According to the EPC C1 Gen2 standard, the frame length can only be a power of Q to 2, where Q is an integer between 0 and 15 [20], hence EPC C1 Gen2-based DFSA can hold an asymptotically slot efficiency of 0.368 when the value of tag cardinality is same as the frame length (F=n). Therefore, for the purpose of achieving a robust slot efficiency, it is necessary to monitor whether the frame length is appropriate in each identification process. Many state-of-the-arts [17-19] have addressed this issue by improving the accuracy of the estimations at the cost of high computation overhead. It is worth noting that due to the low-cost features of passive RFID systems, these protocols with high computational complexity are not very suitable [17].
2.1 ILCM
The authors in [21] proposed a tag cardinality estimation method namely Improved Linearized Combinational Model (ILCM) which only requires to run some simple mathematical operations. The anti-collision protocol based ILCM is straight and easy to implement. The function of ILCM is to obtain the number of tags need to be identified with a modest calculation by using interpolation methods. The work flow of an anti-collision protocol based on ILCM can be given in Fig. 1. An identification round is initialized by the reader's query command which contains a key parameter Q to specify the length of frame (given as F=2Q). When a full frame is read, the reader estimates the number of remaining tags based on the slot statistics (S corresponds to the number of success slots, E corresponds to the number of idle slots, C corresponds to the number of collision slots). Then, the tag cardinality before this round of identification can be calculated with Eq. (14) in [21]. After estimating the tag number, the reader can perform the reading process iteratively until no collision occurred.

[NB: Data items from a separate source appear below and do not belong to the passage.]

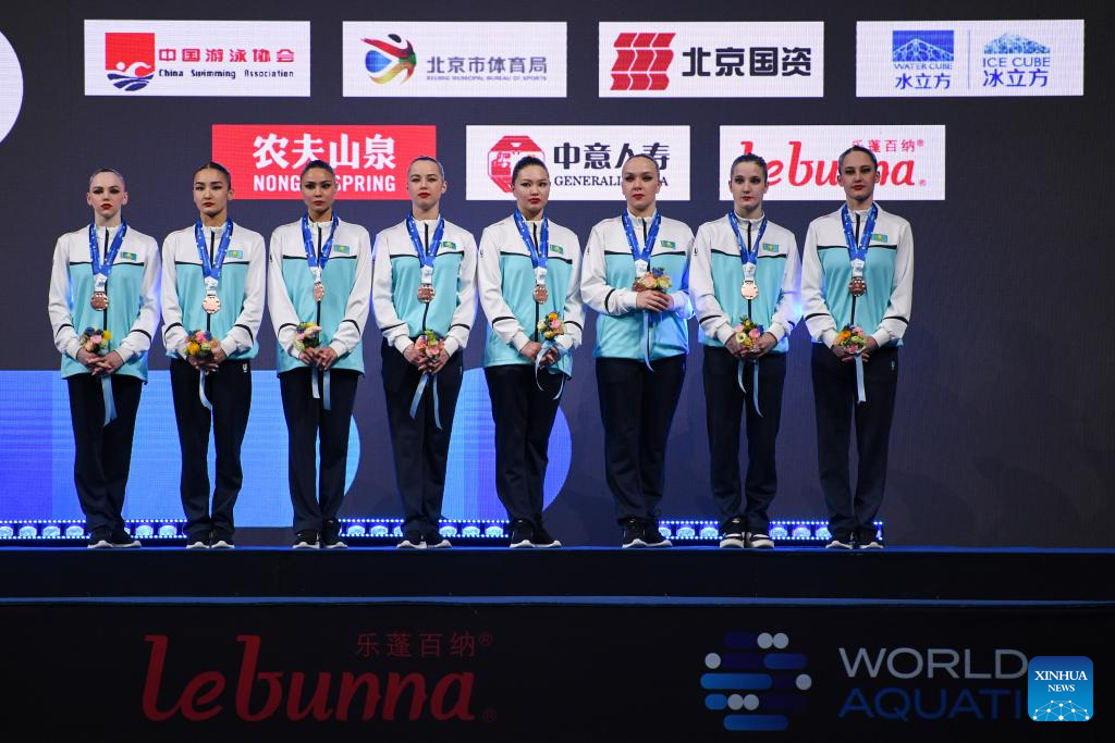 Bronze medalists team Kazakhstan pose during the awarding ceremony for the team technical event at the World Aquatics Artistic Swimming World Cup 2024 in Beijing, capital of China, April 5, 2024. (Xinhua/Ju Huanzong)
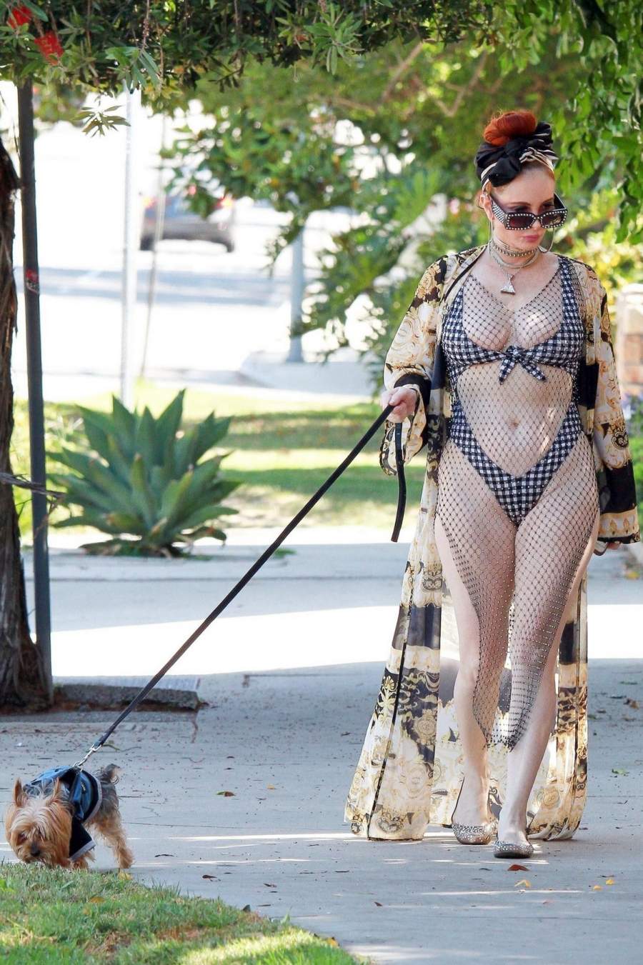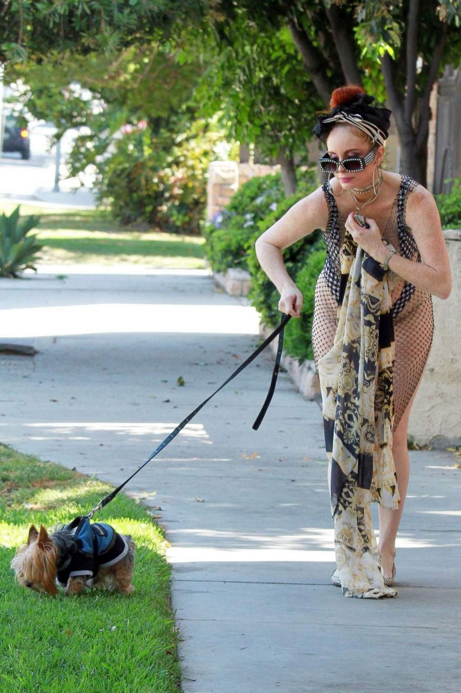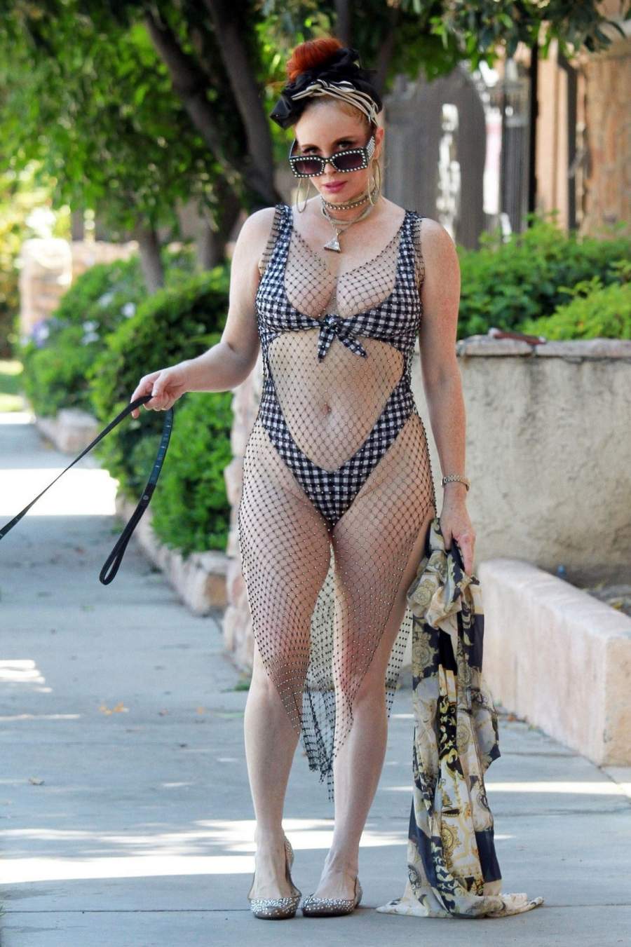 46-летняя южноамериканская актриса Фиби Прайс(Phoebe Price)в откровенном наряде на прогулке с собакой в Лос-Анджелесе. ![Актриса Phoebe Price в откровенном наряде прогулялась с собачкой]()
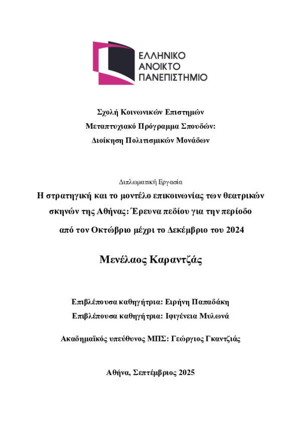 Η στρατηγική και το μοντέλο επικοινωνίας των θεατρικών σκηνών της Αθήνας: Έρευνα πεδίου για την περίοδο από τον Οκτώβριο μέχρι το Δεκέμβριο του 2024
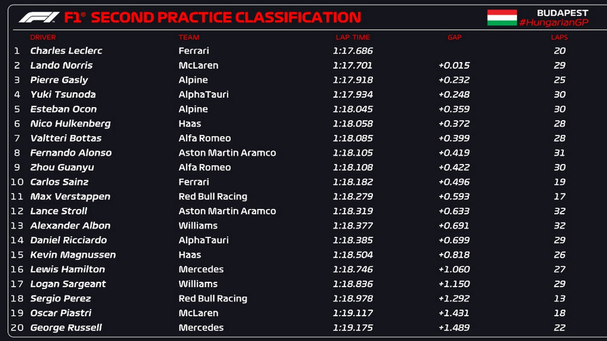 Ο Σαρλ Λεκλέρ της Ferrari και ο Λάντο Νόρις της McLaren ήταν οι πρωτγωνιστές της δεύτερης περιόδου ελεύθερων δοκιμών του GP της Βουδαπέστης. Την πρώτη τριάδα έκλεισε ο Πιέρ Γκασλί της Alpine, εκτός δεκάδας οι Φερστάπεν-Πέρεζ της Red Bull.
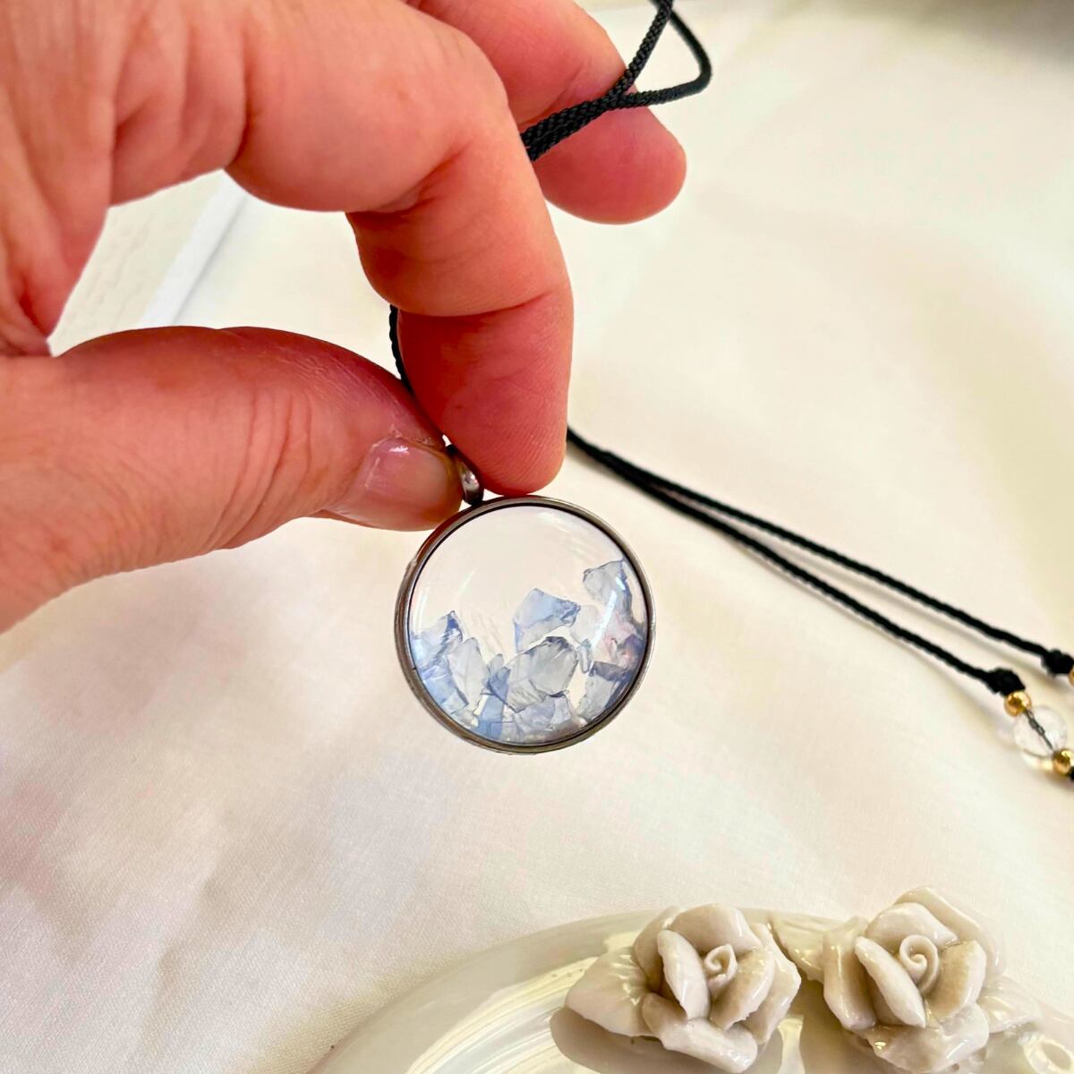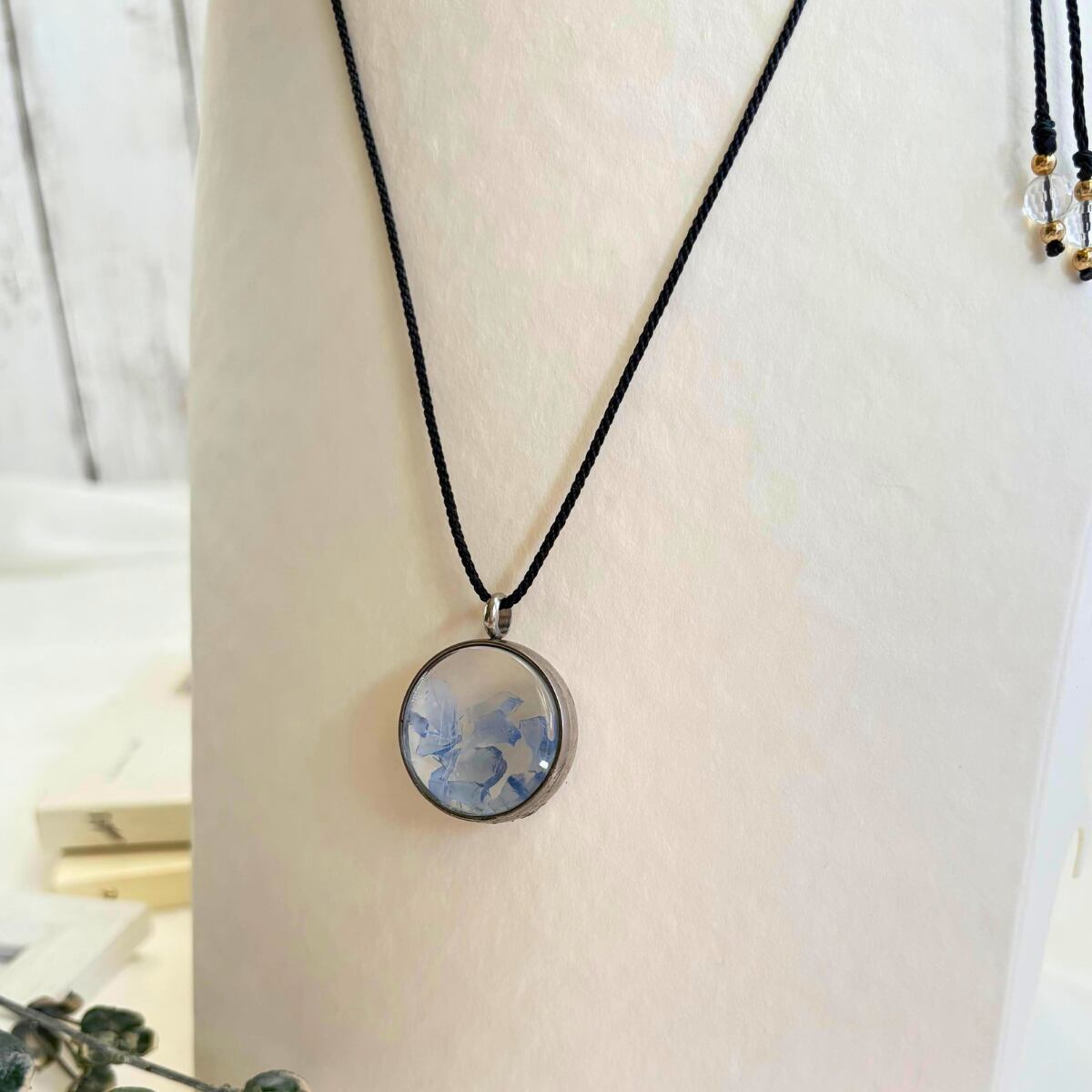 このペンダントの紐部分は金属アレルギー対応。
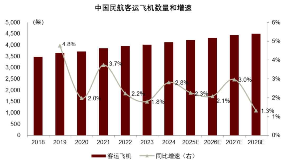 图表8:我们预计2026年全行业客运机队同比增速约2.1%,2025-2028年平均约为2.2%
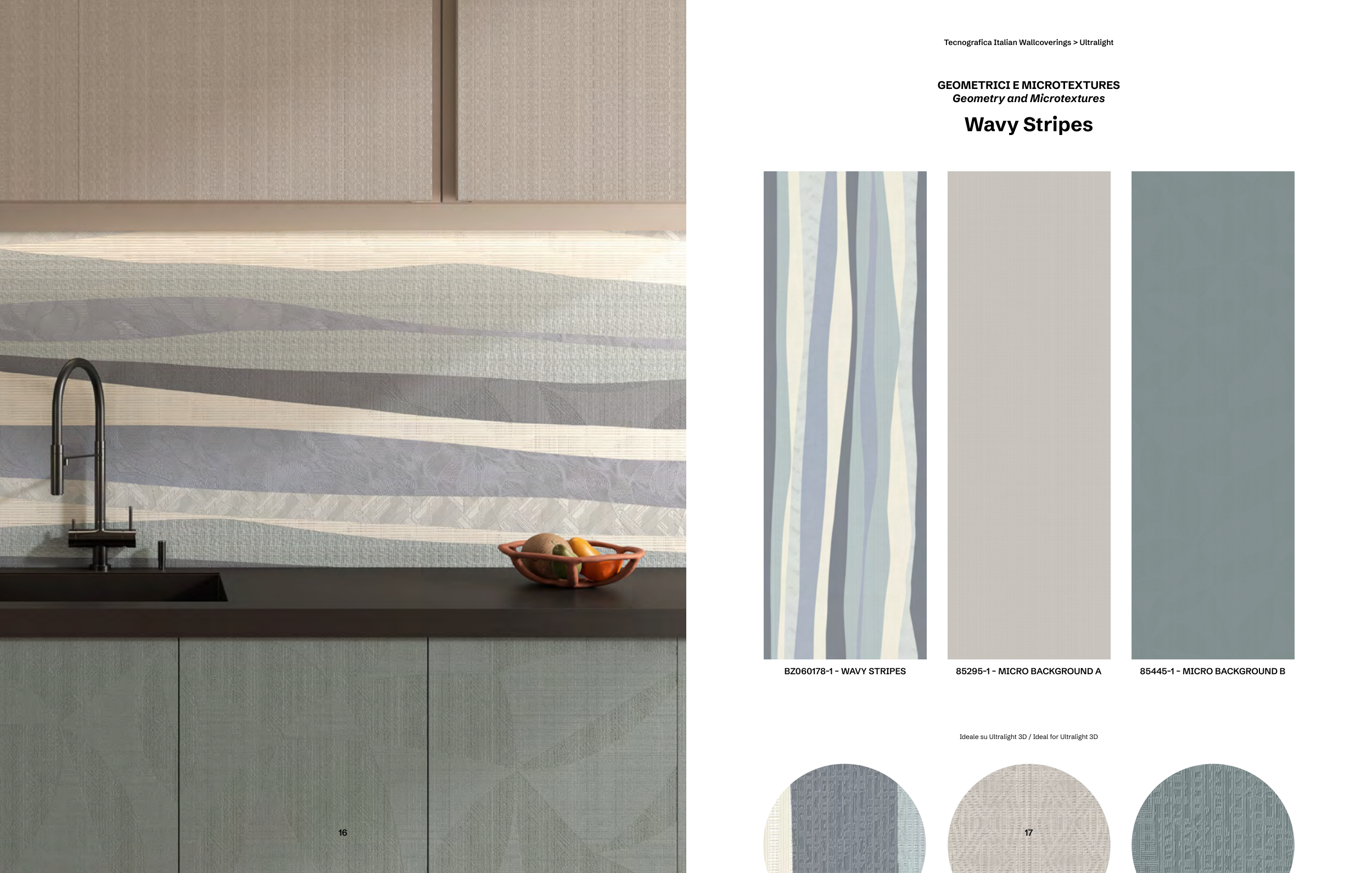 85295-1 – MICRO BACKGROUND A 85445-1 – MICRO BACKGROUND B BZ060178-1 – WAVY STRIPES GEOMETRICI E MICROTEXTURES Geometry and Microtextures Wavy Stripes Ideale su Ultralight 3D / Ideal for Ultralight 3D 17 Tecnografica Italian Wallcoverings > Ultralight 16
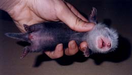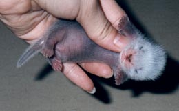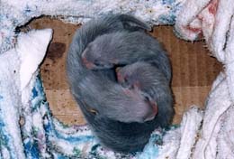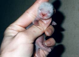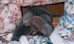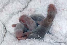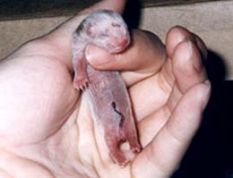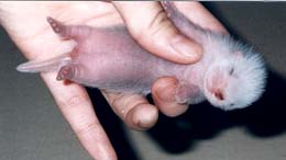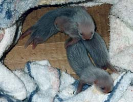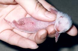 1日目(写真) 体重9〜10g 体長3〜4cm 手、足、尾、の先以外に白い毛が2〜3ミリ生 えている。 2日目 体重12〜15g 体長7cm 目の部分が黒っぽくなって体もグレーかかった。 薄皮が少し向けている。よく泣いている。 |
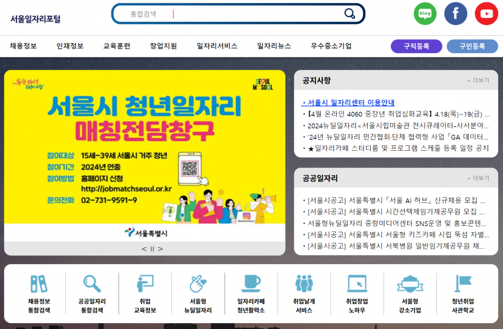 취업난이 계속되면서 정부와 지자체에서는 각자 여러가지 서비스를 도입했습니다. 그중 서울 일자리포털은 서울시에서 운영하는 구인구직 웹사이트입니다. 전국 단위 서비스인 워크넷과 달리, 서울 지역에 특화된 구인구직 서비스를 제공합니다.
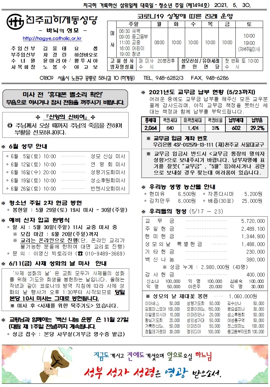 제1494호(2021. 05. 30.) 하계동성당주보 : 지극히 거룩하신 삼위일체 대축일 · 청소년 주일
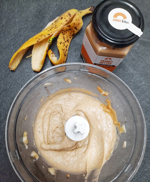 În blender am pus 1 banană și cele 3 linguri de unt de arahide și le-am mixat bine. Până a devenit cremos amestecul.
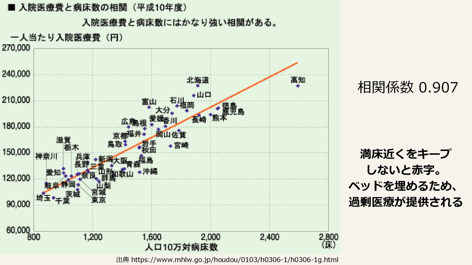 相関係数 0.907 満床近くをキープ しないと赤字。 ベッドを埋めるため、 過剰医療が提供される 出典 https://www.mhlw.go.jp/houdou/0103/h0306-1/h0306-1g.html
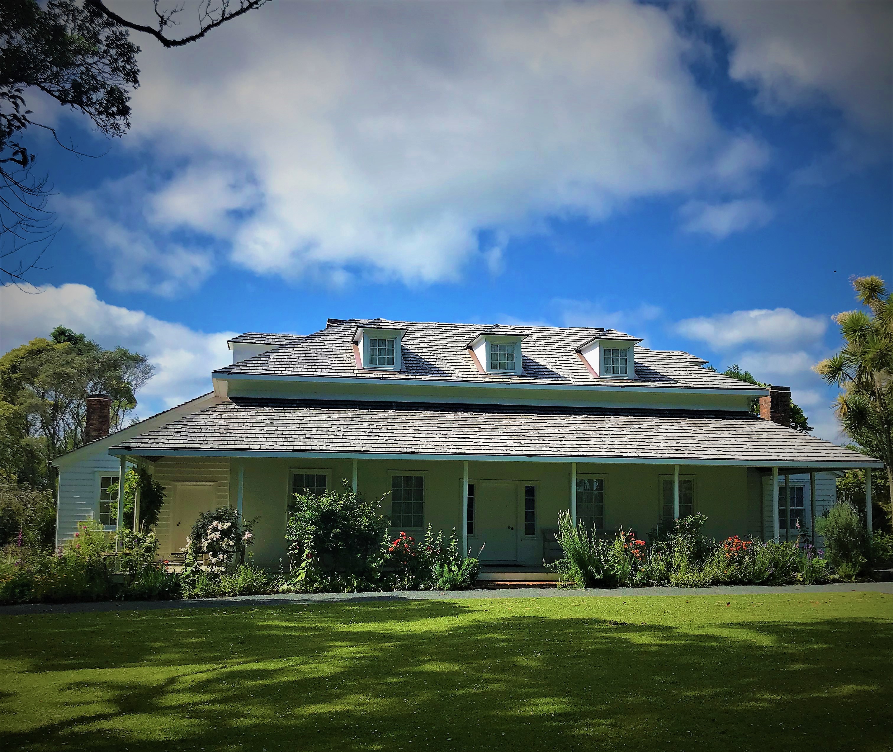 Three houses of similar design were originally constructed at the Te Waimate Mission in the Bay of Islands, New Zealand. This is the only house still standing on the site and it was built in 1832 CE. This photo was taken in November 2019.
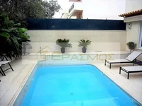 Vari south of Athens Miladeza area, independent maisonette of 207 sq.m. on a plot of 200 sq.m. luxury construction and in very good condition, 3 levels. It consists of a semi-basement with a spacious living room, fireplace, sitting room, dining room, kitchen, 1 bathroom and access to the garden and the pool. Elevated ground floor with large living-dining room, fireplace, 2nd kitchen installation and 1 wc. 1st floor with 3 bedrooms, large wardrobes, 1 bathroom with jacuzzi. On the roof there is a roof garden with a bbq, a sink installation and an unlimited view of the sea. It has 1 parking space, autonomous oil heating, alarm system, security door, electric awnings, air conditioning in all areas, oak floors framed by marble, intercom, 2 storage rooms, 3-way solar, aluminum frames with double glazing and screens. It is close to market, transport and schools

Fig. 1. The work flow of ILCM presented in [16]
Compared with those estimation methods with high calculation overhead, ILCM requires only some simple mathematical operations. However, the estimation function of ILCM is derived based on interpolation, so it cannot always maintain robust performance. Once a bit estimation error occurs, the identification performance may be dramatically degraded.
2.2 FEIA
The literature [20] made a conclusion that using an estimation function with high calculation complexity to improve tag identification performance is not a very desirable solution. Through simulation results analysis, the estimation accuracy has little effect on the improvement of identification performance. Then, literature [20] proposed a very simple method namely feasible and easy-to-implement anti-collision algorithm (FEIA) for estimating the tag cardinality, which is based on slot-by-slot status observation, i.e., the reader estimates the remaining tags at every slot of a frame. The work flow of FEIA is plotted in Fig. 2.
Fig. 2. The work flow of FEIA presented in [16]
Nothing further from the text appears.